* _To do_: Transcribe every line below exactly; no image goes into the output.

* _Data provided_:
########

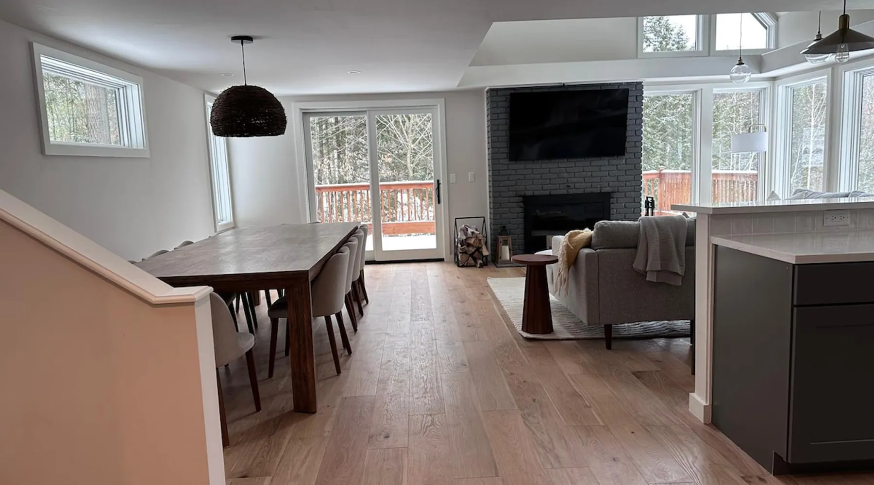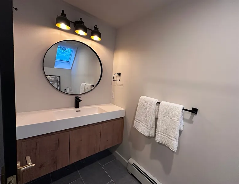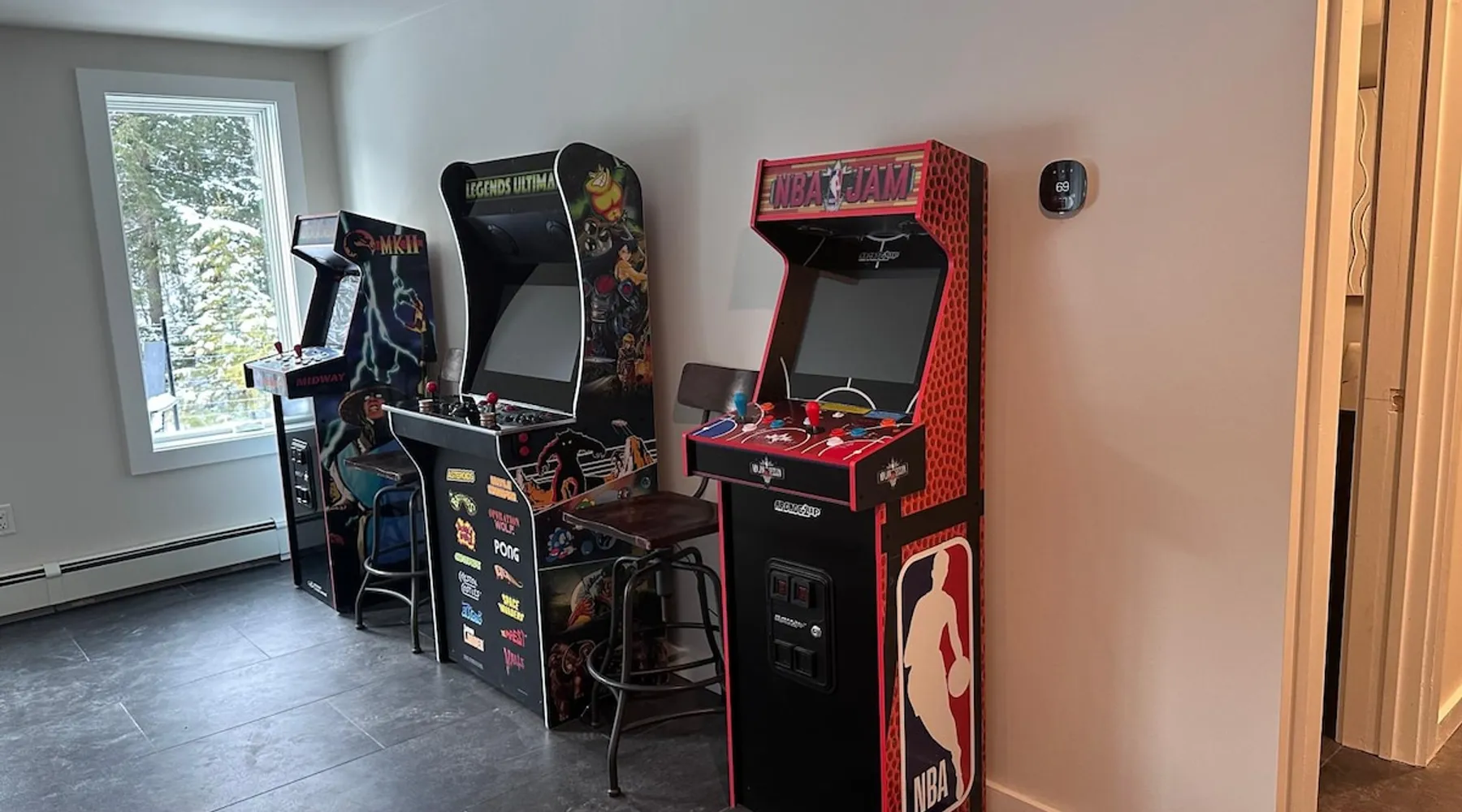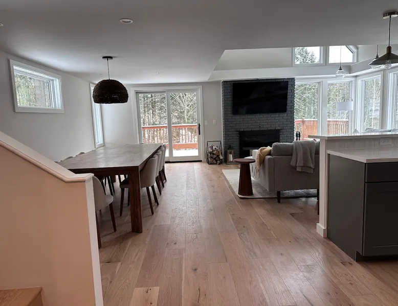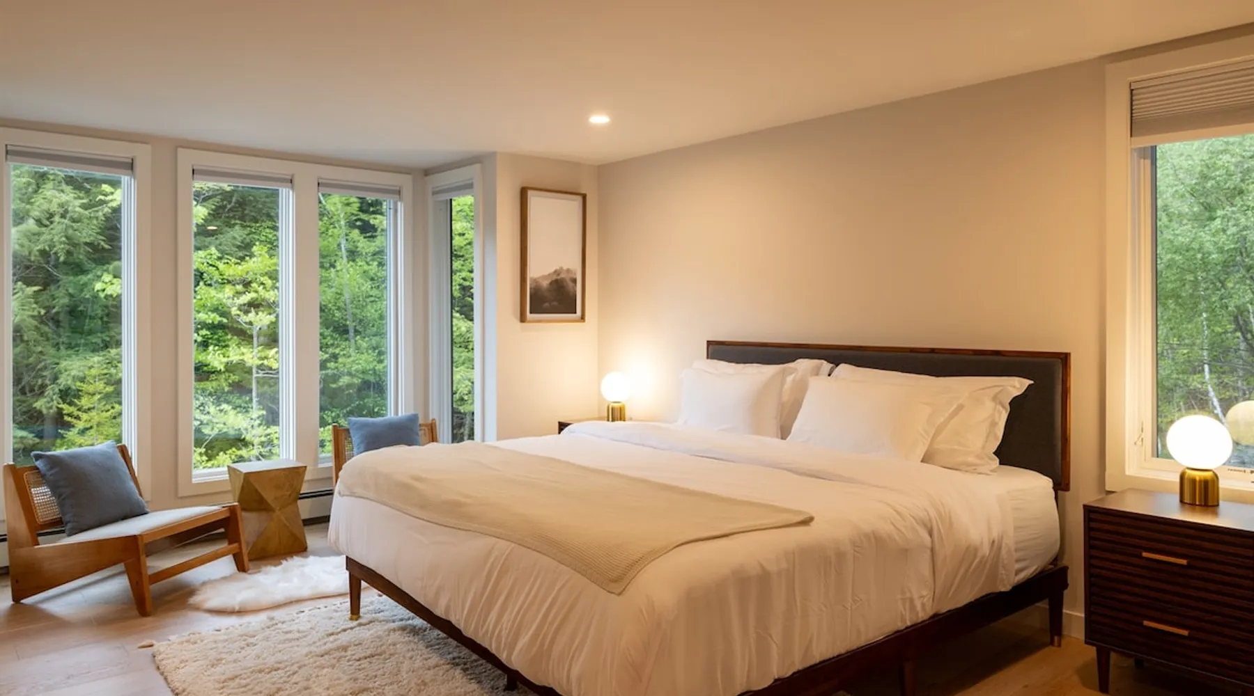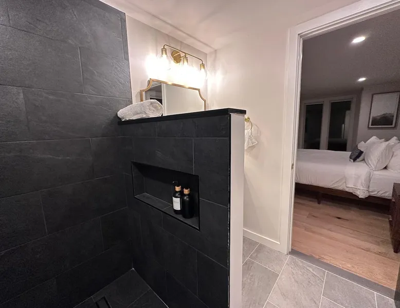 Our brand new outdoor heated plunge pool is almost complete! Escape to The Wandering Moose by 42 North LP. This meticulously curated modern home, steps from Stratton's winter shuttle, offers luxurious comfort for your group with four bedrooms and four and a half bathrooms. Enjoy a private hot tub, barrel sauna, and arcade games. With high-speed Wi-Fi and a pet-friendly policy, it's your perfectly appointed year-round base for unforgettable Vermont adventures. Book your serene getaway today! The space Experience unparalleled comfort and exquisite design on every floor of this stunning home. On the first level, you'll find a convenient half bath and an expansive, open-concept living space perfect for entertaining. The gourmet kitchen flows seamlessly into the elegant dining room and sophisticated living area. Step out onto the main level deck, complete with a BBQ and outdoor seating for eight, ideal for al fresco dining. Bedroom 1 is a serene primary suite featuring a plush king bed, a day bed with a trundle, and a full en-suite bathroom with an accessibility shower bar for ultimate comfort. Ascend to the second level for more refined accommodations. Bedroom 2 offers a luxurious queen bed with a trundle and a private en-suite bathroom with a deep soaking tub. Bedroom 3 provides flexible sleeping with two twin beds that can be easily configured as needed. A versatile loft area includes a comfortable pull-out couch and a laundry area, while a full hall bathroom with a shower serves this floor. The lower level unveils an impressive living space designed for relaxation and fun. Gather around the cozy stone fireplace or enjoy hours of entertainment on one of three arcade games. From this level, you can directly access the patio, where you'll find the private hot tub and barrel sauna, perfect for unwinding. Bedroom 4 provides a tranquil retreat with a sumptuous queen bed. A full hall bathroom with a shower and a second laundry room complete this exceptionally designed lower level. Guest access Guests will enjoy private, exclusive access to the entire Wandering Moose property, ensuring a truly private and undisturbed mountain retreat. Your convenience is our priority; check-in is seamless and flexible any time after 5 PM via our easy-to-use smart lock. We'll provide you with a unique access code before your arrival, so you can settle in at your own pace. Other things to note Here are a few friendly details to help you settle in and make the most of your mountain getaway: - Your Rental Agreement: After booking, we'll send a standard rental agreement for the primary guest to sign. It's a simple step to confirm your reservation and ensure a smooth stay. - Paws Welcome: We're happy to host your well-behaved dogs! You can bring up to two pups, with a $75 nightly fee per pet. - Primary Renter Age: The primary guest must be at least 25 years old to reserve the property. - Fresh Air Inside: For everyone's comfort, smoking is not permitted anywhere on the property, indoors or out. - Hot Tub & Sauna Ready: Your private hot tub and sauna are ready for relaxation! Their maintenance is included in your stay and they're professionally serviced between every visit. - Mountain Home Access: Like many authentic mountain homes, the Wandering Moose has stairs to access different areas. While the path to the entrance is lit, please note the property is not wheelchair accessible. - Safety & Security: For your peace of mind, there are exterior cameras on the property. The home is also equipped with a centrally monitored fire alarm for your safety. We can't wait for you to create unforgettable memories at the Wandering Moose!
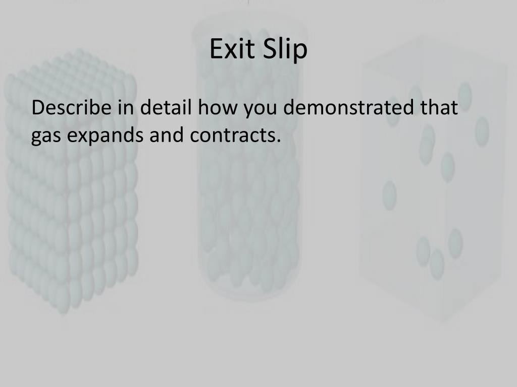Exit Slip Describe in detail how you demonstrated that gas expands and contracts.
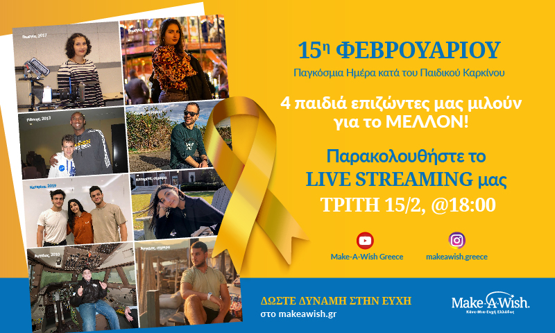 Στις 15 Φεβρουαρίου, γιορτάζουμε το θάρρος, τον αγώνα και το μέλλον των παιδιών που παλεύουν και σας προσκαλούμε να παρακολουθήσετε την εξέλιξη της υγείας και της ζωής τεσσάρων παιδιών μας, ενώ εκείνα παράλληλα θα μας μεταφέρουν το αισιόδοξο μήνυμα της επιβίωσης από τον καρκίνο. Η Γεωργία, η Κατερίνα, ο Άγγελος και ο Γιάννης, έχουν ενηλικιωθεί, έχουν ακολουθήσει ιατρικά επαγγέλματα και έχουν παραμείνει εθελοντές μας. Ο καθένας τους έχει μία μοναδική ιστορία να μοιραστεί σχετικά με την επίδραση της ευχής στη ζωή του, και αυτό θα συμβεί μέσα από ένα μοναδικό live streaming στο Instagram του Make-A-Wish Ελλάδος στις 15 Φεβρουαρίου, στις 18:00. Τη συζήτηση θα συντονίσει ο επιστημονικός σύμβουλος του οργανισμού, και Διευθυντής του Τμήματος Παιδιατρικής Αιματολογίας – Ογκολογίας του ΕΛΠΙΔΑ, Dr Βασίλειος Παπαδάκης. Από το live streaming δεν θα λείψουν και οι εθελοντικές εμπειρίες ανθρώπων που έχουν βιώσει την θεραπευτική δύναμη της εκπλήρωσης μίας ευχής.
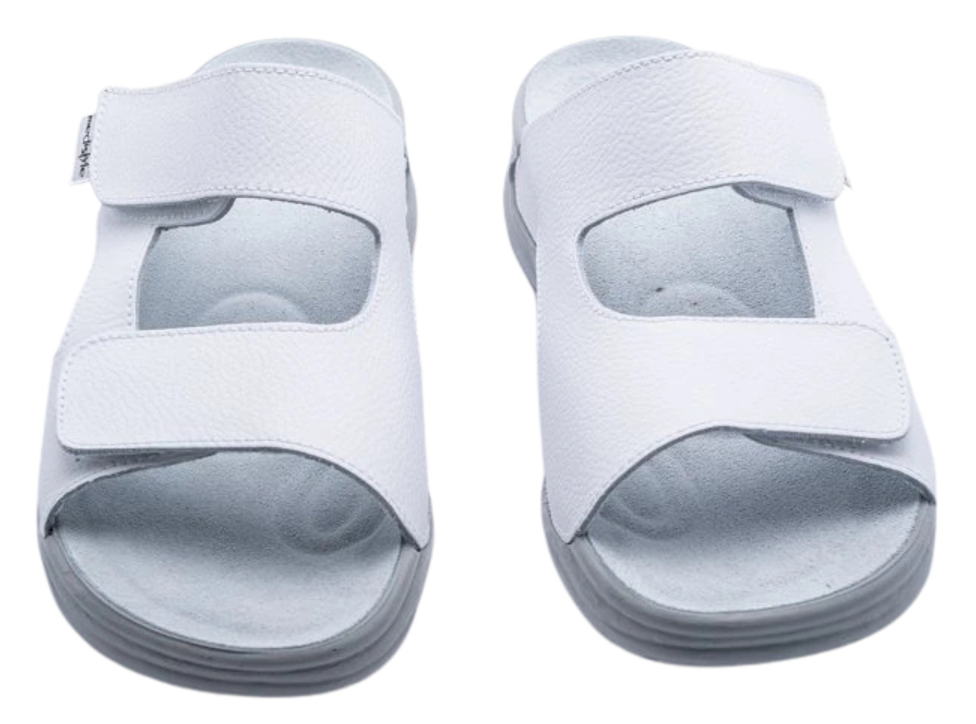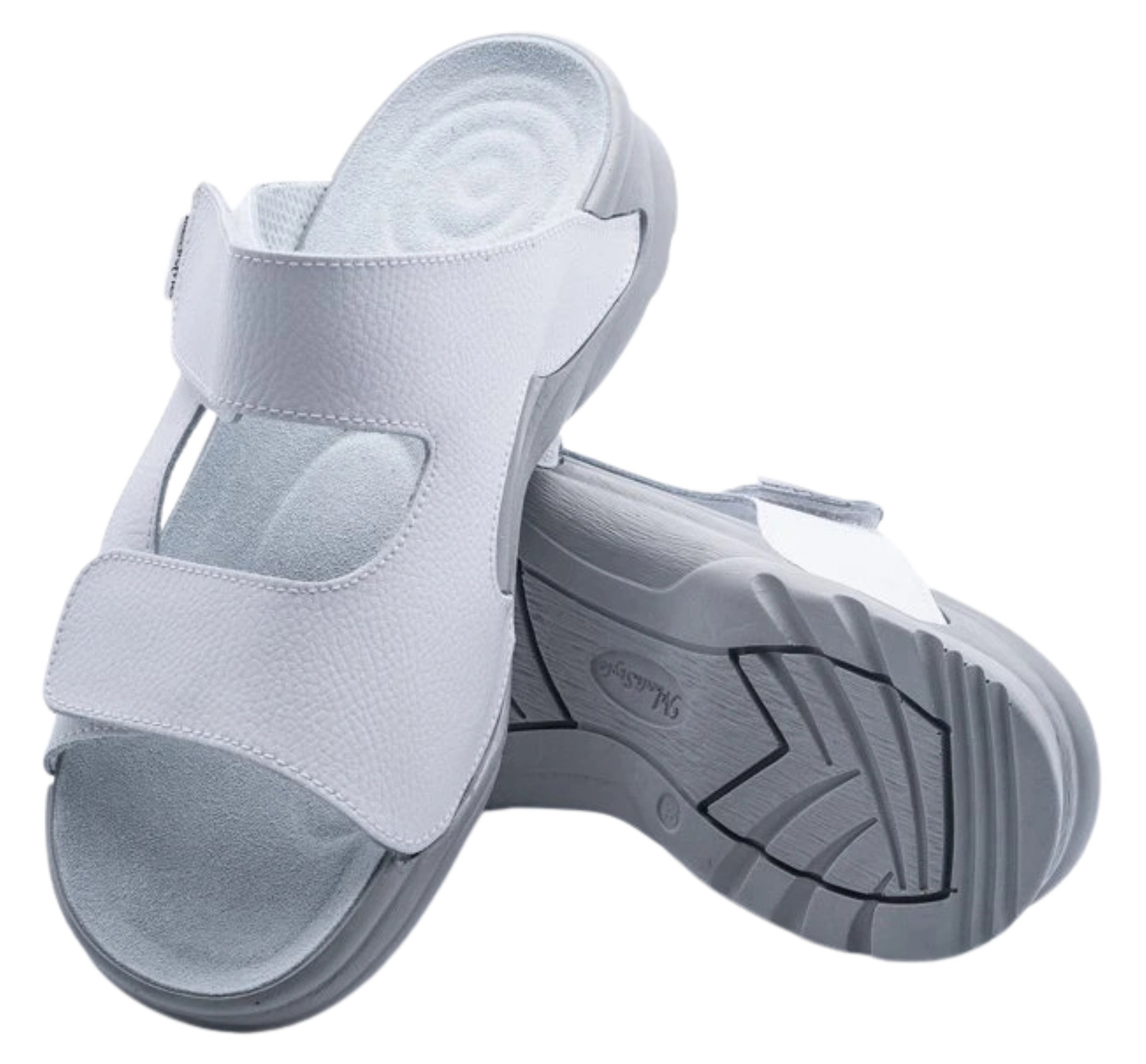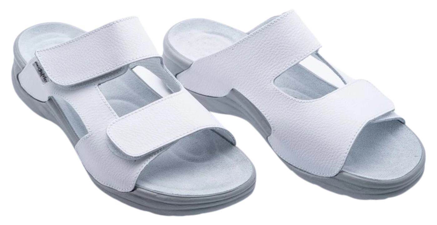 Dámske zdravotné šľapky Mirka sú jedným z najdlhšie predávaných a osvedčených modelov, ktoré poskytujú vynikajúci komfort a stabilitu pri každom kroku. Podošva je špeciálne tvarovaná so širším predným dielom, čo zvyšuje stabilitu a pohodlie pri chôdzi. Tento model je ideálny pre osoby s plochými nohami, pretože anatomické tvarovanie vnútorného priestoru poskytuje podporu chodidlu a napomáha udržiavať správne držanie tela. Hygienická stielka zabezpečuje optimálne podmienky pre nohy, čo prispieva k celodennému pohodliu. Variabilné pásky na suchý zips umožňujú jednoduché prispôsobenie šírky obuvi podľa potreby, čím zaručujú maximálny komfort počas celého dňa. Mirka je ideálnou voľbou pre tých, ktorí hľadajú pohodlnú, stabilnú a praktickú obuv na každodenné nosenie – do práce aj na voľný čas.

########

* _Output for this exercise_:
 Our brand new outdoor heated plunge pool is almost complete! Escape to The Wandering Moose by 42 North LP. This meticulously curated modern home, steps from Stratton's winter shuttle, offers luxurious comfort for your group with four bedrooms and four and a half bathrooms. Enjoy a private hot tub, barrel sauna, and arcade games. With high-speed Wi-Fi and a pet-friendly policy, it's your perfectly appointed year-round base for unforgettable Vermont adventures. Book your serene getaway today! The space Experience unparalleled comfort and exquisite design on every floor of this stunning home. On the first level, you'll find a convenient half bath and an expansive, open-concept living space perfect for entertaining. The gourmet kitchen flows seamlessly into the elegant dining room and sophisticated living area. Step out onto the main level deck, complete with a BBQ and outdoor seating for eight, ideal for al fresco dining. Bedroom 1 is a serene primary suite featuring a plush king bed, a day bed with a trundle, and a full en-suite bathroom with an accessibility shower bar for ultimate comfort. Ascend to the second level for more refined accommodations. Bedroom 2 offers a luxurious queen bed with a trundle and a private en-suite bathroom with a deep soaking tub. Bedroom 3 provides flexible sleeping with two twin beds that can be easily configured as needed. A versatile loft area includes a comfortable pull-out couch and a laundry area, while a full hall bathroom with a shower serves this floor. The lower level unveils an impressive living space designed for relaxation and fun. Gather around the cozy stone fireplace or enjoy hours of entertainment on one of three arcade games. From this level, you can directly access the patio, where you'll find the private hot tub and barrel sauna, perfect for unwinding. Bedroom 4 provides a tranquil retreat with a sumptuous queen bed. A full hall bathroom with a shower and a second laundry room complete this exceptionally designed lower level. Guest access Guests will enjoy private, exclusive access to the entire Wandering Moose property, ensuring a truly private and undisturbed mountain retreat. Your convenience is our priority; check-in is seamless and flexible any time after 5 PM via our easy-to-use smart lock. We'll provide you with a unique access code before your arrival, so you can settle in at your own pace. Other things to note Here are a few friendly details to help you settle in and make the most of your mountain getaway: - Your Rental Agreement: After booking, we'll send a standard rental agreement for the primary guest to sign. It's a simple step to confirm your reservation and ensure a smooth stay. - Paws Welcome: We're happy to host your well-behaved dogs! You can bring up to two pups, with a $75 nightly fee per pet. - Primary Renter Age: The primary guest must be at least 25 years old to reserve the property. - Fresh Air Inside: For everyone's comfort, smoking is not permitted anywhere on the property, indoors or out. - Hot Tub & Sauna Ready: Your private hot tub and sauna are ready for relaxation! Their maintenance is included in your stay and they're professionally serviced between every visit. - Mountain Home Access: Like many authentic mountain homes, the Wandering Moose has stairs to access different areas. While the path to the entrance is lit, please note the property is not wheelchair accessible. - Safety & Security: For your peace of mind, there are exterior cameras on the property. The home is also equipped with a centrally monitored fire alarm for your safety. We can't wait for you to create unforgettable memories at the Wandering Moose!
Exit Slip Describe in detail how you demonstrated that gas expands and contracts.
 Στις 15 Φεβρουαρίου, γιορτάζουμε το θάρρος, τον αγώνα και το μέλλον των παιδιών που παλεύουν και σας προσκαλούμε να παρακολουθήσετε την εξέλιξη της υγείας και της ζωής τεσσάρων παιδιών μας, ενώ εκείνα παράλληλα θα μας μεταφέρουν το αισιόδοξο μήνυμα της επιβίωσης από τον καρκίνο. Η Γεωργία, η Κατερίνα, ο Άγγελος και ο Γιάννης, έχουν ενηλικιωθεί, έχουν ακολουθήσει ιατρικά επαγγέλματα και έχουν παραμείνει εθελοντές μας. Ο καθένας τους έχει μία μοναδική ιστορία να μοιραστεί σχετικά με την επίδραση της ευχής στη ζωή του, και αυτό θα συμβεί μέσα από ένα μοναδικό live streaming στο Instagram του Make-A-Wish Ελλάδος στις 15 Φεβρουαρίου, στις 18:00. Τη συζήτηση θα συντονίσει ο επιστημονικός σύμβουλος του οργανισμού, και Διευθυντής του Τμήματος Παιδιατρικής Αιματολογίας – Ογκολογίας του ΕΛΠΙΔΑ, Dr Βασίλειος Παπαδάκης. Από το live streaming δεν θα λείψουν και οι εθελοντικές εμπειρίες ανθρώπων που έχουν βιώσει την θεραπευτική δύναμη της εκπλήρωσης μίας ευχής.
 Dámske zdravotné šľapky Mirka sú jedným z najdlhšie predávaných a osvedčených modelov, ktoré poskytujú vynikajúci komfort a stabilitu pri každom kroku. Podošva je špeciálne tvarovaná so širším predným dielom, čo zvyšuje stabilitu a pohodlie pri chôdzi. Tento model je ideálny pre osoby s plochými nohami, pretože anatomické tvarovanie vnútorného priestoru poskytuje podporu chodidlu a napomáha udržiavať správne držanie tela. Hygienická stielka zabezpečuje optimálne podmienky pre nohy, čo prispieva k celodennému pohodliu. Variabilné pásky na suchý zips umožňujú jednoduché prispôsobenie šírky obuvi podľa potreby, čím zaručujú maximálny komfort počas celého dňa. Mirka je ideálnou voľbou pre tých, ktorí hľadajú pohodlnú, stabilnú a praktickú obuv na každodenné nosenie – do práce aj na voľný čas.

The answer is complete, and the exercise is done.